It is my understanding that the Type 4 Chemotype cultivars have both THCa and CBDa synthase “turned off” enabling the plants to bioaccumulate CBGa the precursor to all cannabinoids. Luckily we have a resident expert on the subject @seth that can chime in and correct anything I may have wrong 
Credit : Oregon CBD Farmers Resources I Oregon CBD I The Trusted Source for Feminized Hemp Seed
The Detailed Answer
Figure 1. Whole Sequence Cannabis Genome Browser
When THC production genes are turned “on” and CBD is turned “off,” plants are THC dominant, psychoactive, and are considered type I (recreational and medical). When both CBD and THC genes are turned “on,” plants are moderately psychoactive (as CBD lessens the psychoactivity of THC) and are considered type II (medical). When CBD production genes are turned “on” and THC is “off,” plants are considered type III (industrial hemp). When both THC and CBD production genes are “off,” plants only bioaccumulate CBG and are considered type IV (also industrial hemp). When upstream cannabinoid production precursor genes are turned off, no cannabinoids are produced (only terpenes), and the resulting plants are considered type V (“cannabinoid free,” also industrial hemp).
Figure 2. Cannabis Chemotype Typology
Even with the THC genes “off,” type III and IV plants still produce a small amount of THC; the reason for this was unknown until we discovered the answer in early 2019. After tens of thousands of chemical and genetic tests (including whole genome sequencing of hundreds of plants), we now know that THC accumulation in type III and type IV varieties is due to CBCA genes, located on chromosome nine (remember: CBD and THC genes are located on chromosome six).

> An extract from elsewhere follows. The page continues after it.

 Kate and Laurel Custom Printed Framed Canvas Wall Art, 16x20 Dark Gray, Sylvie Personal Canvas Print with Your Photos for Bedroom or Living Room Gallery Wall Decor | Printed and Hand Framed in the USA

Figure 3. Cannabis Chromosomes
The CBCA synthase primarily produces trace amounts of CBCa, but, because of its 99% DNA sequence identity to the THCA synthase, it also produces similarly low levels of THCa. The latest research on these genes indicates that small variations in CBCA alleles (specifically, single nucleotide polymorphisms or SNPs) affect their conversion efficiency of the cannabinoid precursor CBGa to either CBCa or THCa. Additionally, the total copy number of CBCA gene loci play a critical role in determining final THC concentrations as well; after sequencing hundreds of type III plants, we have found that all have between 6-8 copies of the active allele and this number is directly related to ratio inheritance (and therefore total THC potential). This is not unique to our plant collection; rather, it is the case for all commercially available type III varieties. The ramifications of this finding should become the death-knell of the scientifically invalid 0.3% THC limit.

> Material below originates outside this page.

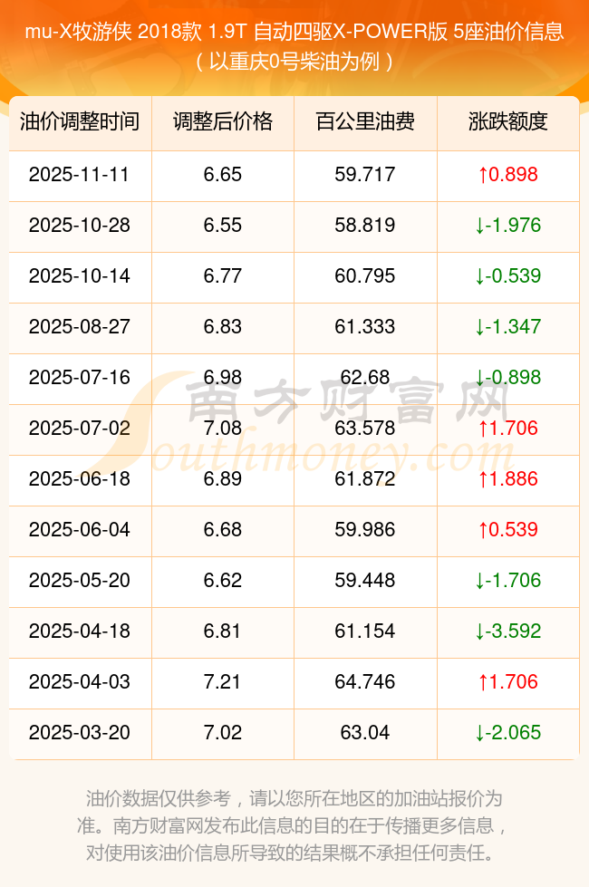 按照11月11日0号柴油最新调整价格6.65元/升来计算(以重庆为例),该车型百公里平均油费为59.717元,按照上一轮10月28日调整价格6.55元/升来计算,百公里平均油费为58.819元,对比上一轮多花0.898元,下一轮油价调整时间为11月24日24时。

In our high cannabinoid hemp research programs, we have encountered plants that range from .05%-1% THC by dry weight on trimmed flowers. This means the federal limit of 0.3% is socially constructed rather than scientifically accurate (unless only leaves are tested!), but we must currently abide by this mandate, which makes sampling protocols and test-timing critical. High cannabinoid hemp farming is still possible (as evidenced by the explosion of this industry), but seed selection is also paramount for success. Farmers must consider a seed variety’s CBD:THC and/or CBG:THC ratio, total cannabinoid content, and appropriate sample timing in their state to achieve good results, as all three of these variables play critical roles in successfully growing a full-term crop of legal, industrial hemp.